───── Supplied information ─────
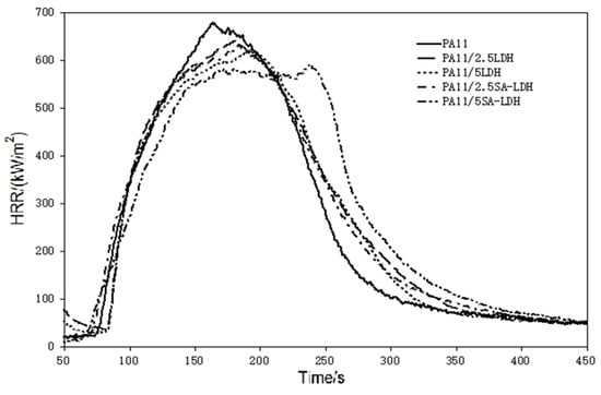 Based on the HRR curves shown in Figure 5, one can see that after the addition of LDH or SA-LDH, the HRR curves became wider and shifted slightly right. The tendency to form two peaks can be found through the addition of 5 phr SA-LDH, reflecting that the time to pHRR was distinctly prolonged, from 161 s in PA11 to 237 s after 5 SA-LDH introductions. A slight decrease on the pHRR and slight increase on the THR at same time can be found from the relative data in Table 3.
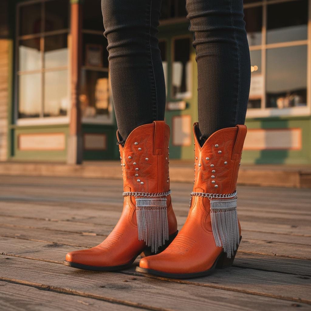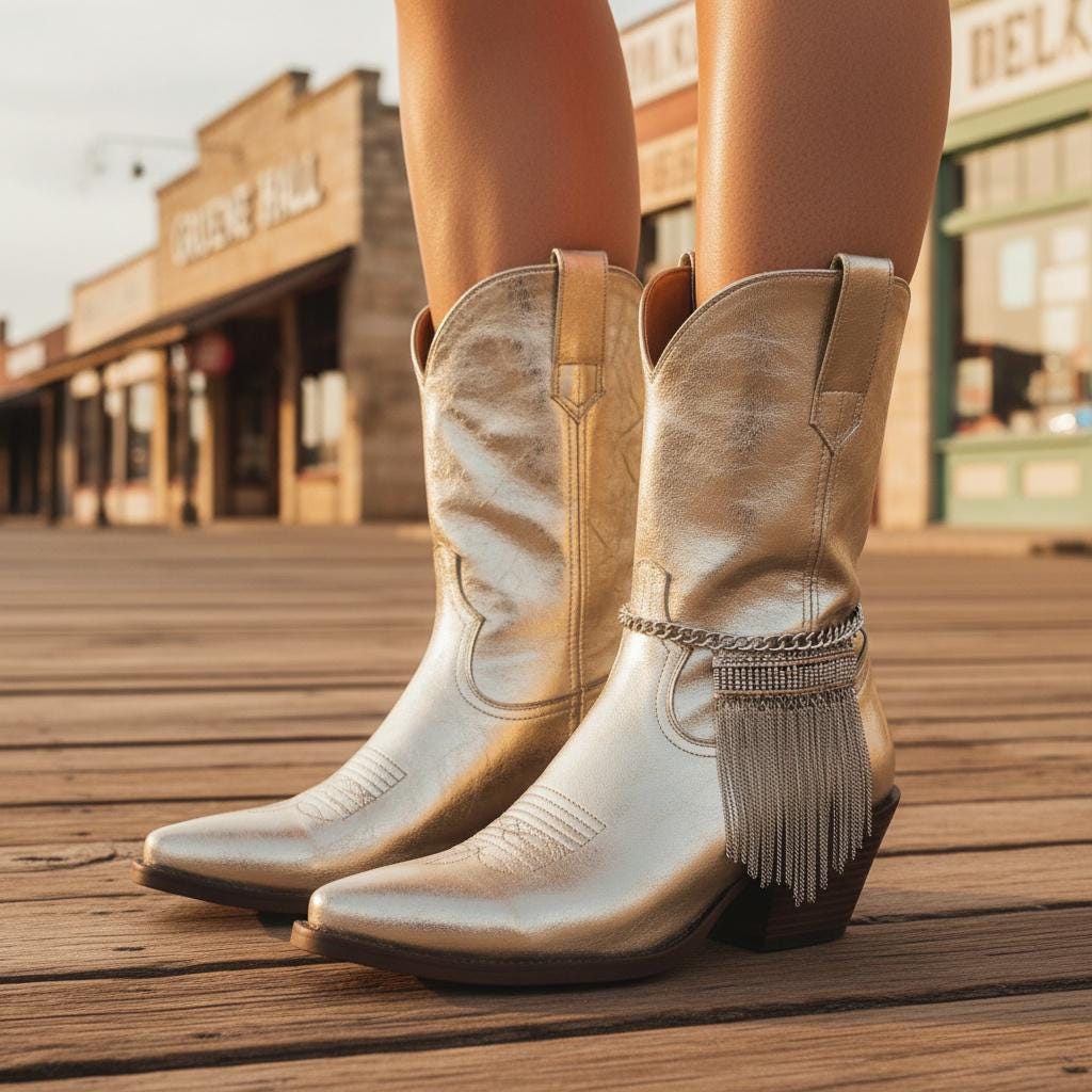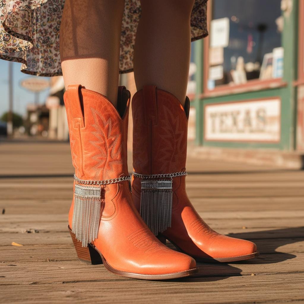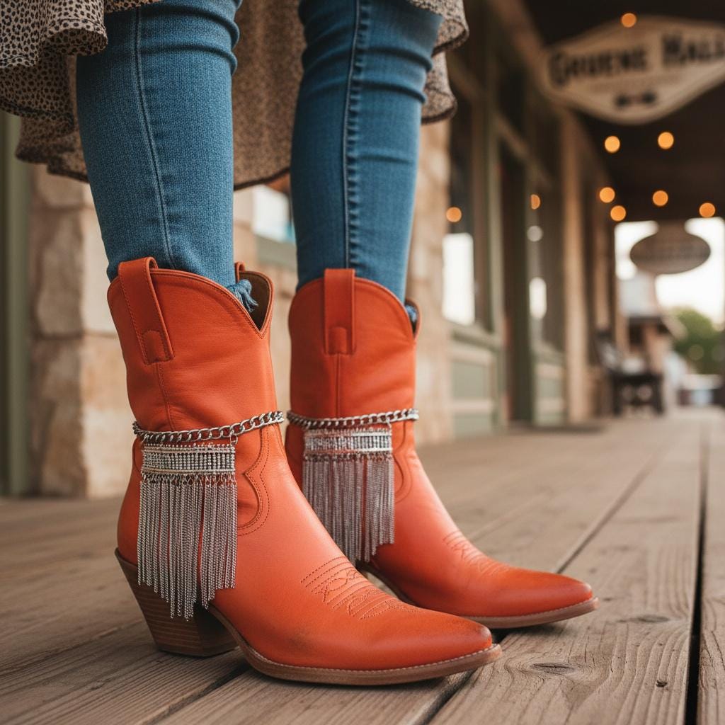 Want your boots to look styled in one step? This pair of silver-tone boot chain bracelets features a wide beaded fringe panel with long tassel strands that move when you walk (and really show off when you dance). It’s western-inspired, boho-friendly, and built to turn plain boots into a statement without needing a full outfit overhaul.
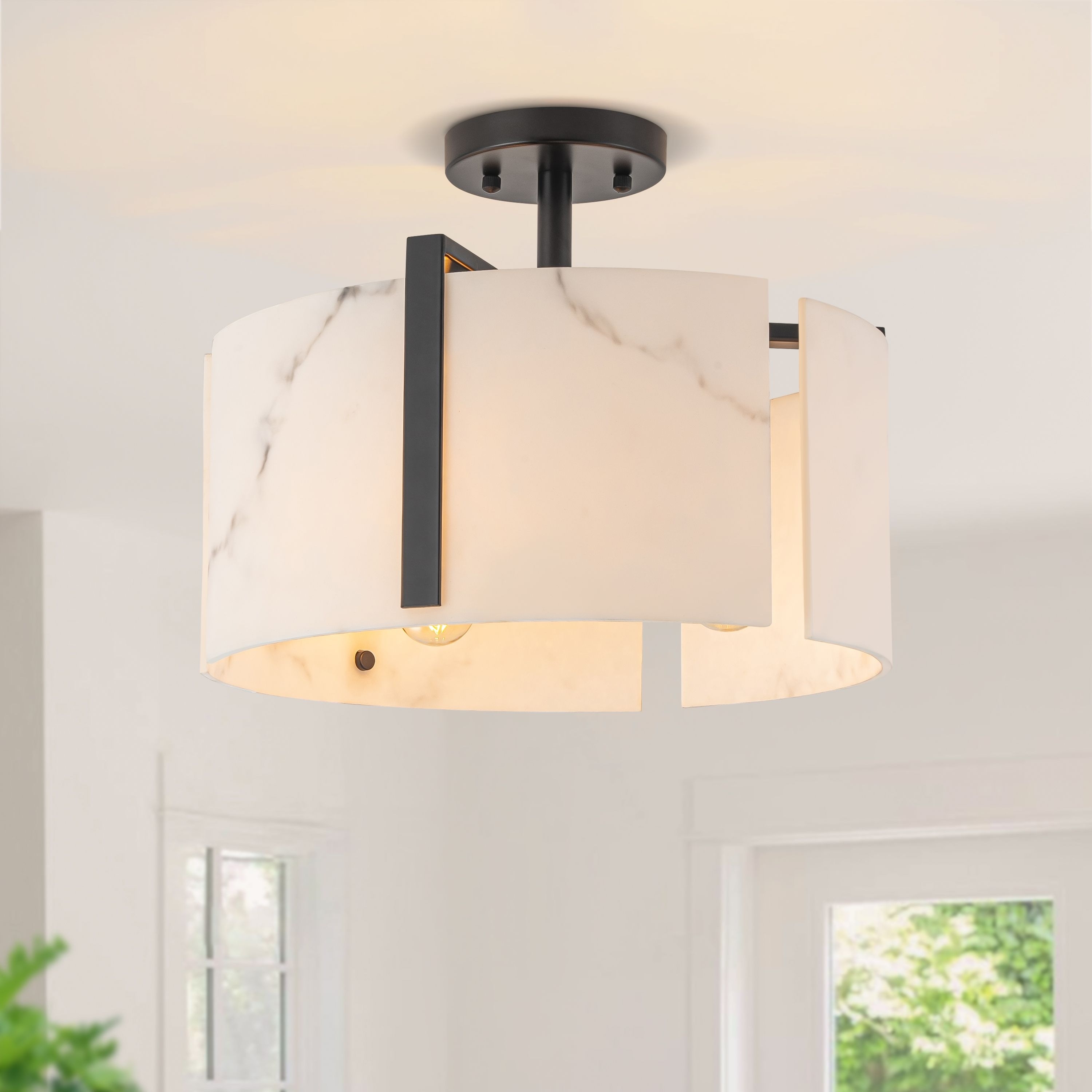 Starsky 3-Light Natural Alabaster Semi Flush Mount with Unique Texture
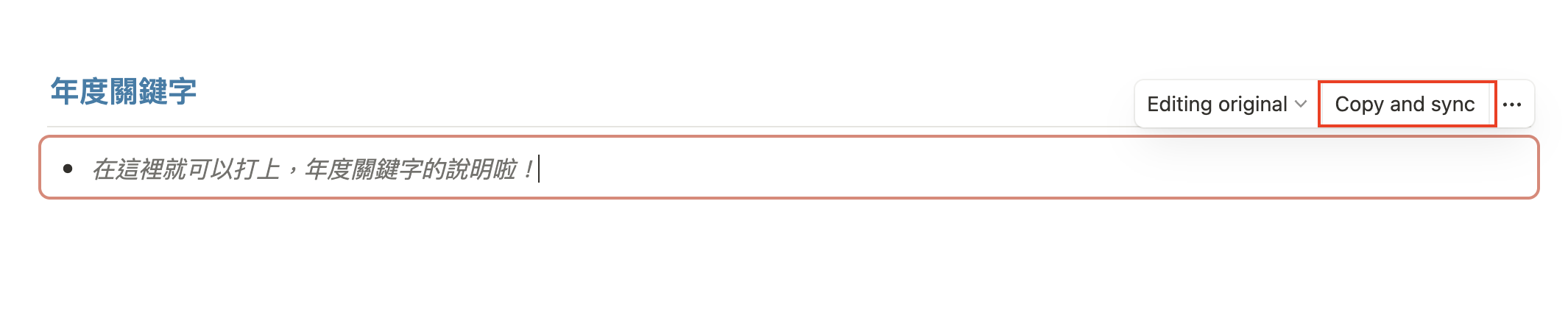 點擊紅框框上面的「Copy and sync」(複製與同步)後,前往要放置的其他頁面,再按下 Ctrl V 就可以將同步區塊貼至另一個頁面啦!
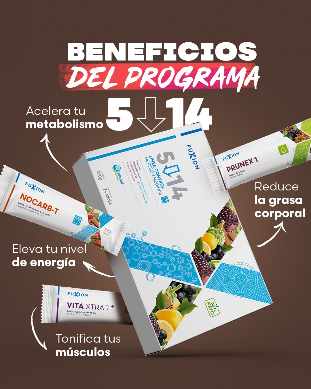 El Pack 5:14 combina varios productos clave para lograr resultados integrales en 14 días: limpieza, energía, control de peso y bienestar digestivo.
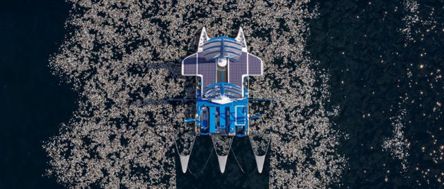 Le navire "chasseur de plastique" Manta est le premier bateau-usine de ce type. C'est le premier navire de mer capable de collecter, de traiter et de recycler (en flux continu) de grandes quantités de macro-déchets plastiques flottant à la surface de l'océan. La conception est axée sur de nombreuses technologies innovantes dans le domaine de la production d'énergie renouvelable, ce qui lui permet de minimiser son empreinte carbone globale tout en maximisant son autosuffisance énergétique.
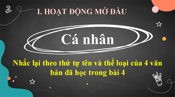 Bước 1: Chuyển giao nhiệm vụ - Gv chuyển giao nhiệm vụ Giáo viên yêu cầu học sinh gấp sách giáo khoa lại và làm việc cá nhân. Nhắc lại theo thứ tự tên và thể loại của 4 văn bản đã học trong bài 4. Bước 2: HS trao đổi thảo luận, thực hiện nhiệm vụ - HS thảo luận, trao đổi Bước 3: Báo cáo kết quả hoạt động và thảo luận - HS trình bày câu trả lời - GV gọi hs nhận xét, bổ sung câu trả lời của bạn. Bước 4: Đánh giá kết quả thực hiện nhiệm vụ - GV nhận xét, bổ sung, chốt lại kiến thức, dẫn dắt vào bài mới |
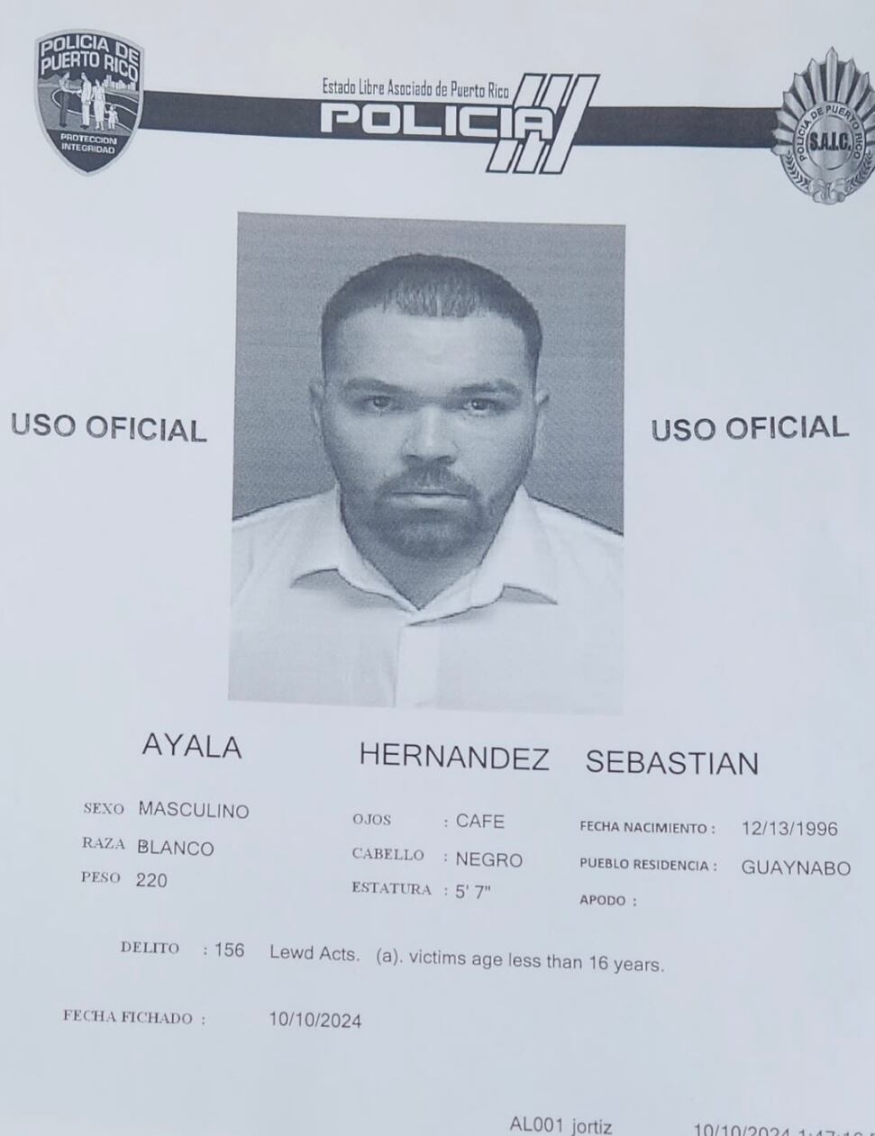En horas de la tarde de ayer, en el Tribunal de Bayamón le fueron radicados dos cargos criminales, por agresión sexual, (art. 130 (A) C/P, grave) y actos lascivos, (art.133 A, C/P, grave) a Sebastián Ayala Hernández de 27 años, residente en Guaynabo, contra una menor 16 años que en el momento de los hechos tenía 9 años, ocurridos en el municipio de Guaynabo.
─────
Would you please repeat only the lines above, beginning at the one that has "Want your boots" and stopping after the one that has "Bước 1: Chuyển", exactly and with no pictures?

Exercise response —
 Want your boots to look styled in one step? This pair of silver-tone boot chain bracelets features a wide beaded fringe panel with long tassel strands that move when you walk (and really show off when you dance). It’s western-inspired, boho-friendly, and built to turn plain boots into a statement without needing a full outfit overhaul.
 Starsky 3-Light Natural Alabaster Semi Flush Mount with Unique Texture
 點擊紅框框上面的「Copy and sync」(複製與同步)後,前往要放置的其他頁面,再按下 Ctrl V 就可以將同步區塊貼至另一個頁面啦!
 El Pack 5:14 combina varios productos clave para lograr resultados integrales en 14 días: limpieza, energía, control de peso y bienestar digestivo.
 Le navire "chasseur de plastique" Manta est le premier bateau-usine de ce type. C'est le premier navire de mer capable de collecter, de traiter et de recycler (en flux continu) de grandes quantités de macro-déchets plastiques flottant à la surface de l'océan. La conception est axée sur de nombreuses technologies innovantes dans le domaine de la production d'énergie renouvelable, ce qui lui permet de minimiser son empreinte carbone globale tout en maximisant son autosuffisance énergétique.
 Bước 1: Chuyển giao nhiệm vụ - Gv chuyển giao nhiệm vụ Giáo viên yêu cầu học sinh gấp sách giáo khoa lại và làm việc cá nhân. Nhắc lại theo thứ tự tên và thể loại của 4 văn bản đã học trong bài 4. Bước 2: HS trao đổi thảo luận, thực hiện nhiệm vụ - HS thảo luận, trao đổi Bước 3: Báo cáo kết quả hoạt động và thảo luận - HS trình bày câu trả lời - GV gọi hs nhận xét, bổ sung câu trả lời của bạn. Bước 4: Đánh giá kết quả thực hiện nhiệm vụ - GV nhận xét, bổ sung, chốt lại kiến thức, dẫn dắt vào bài mới |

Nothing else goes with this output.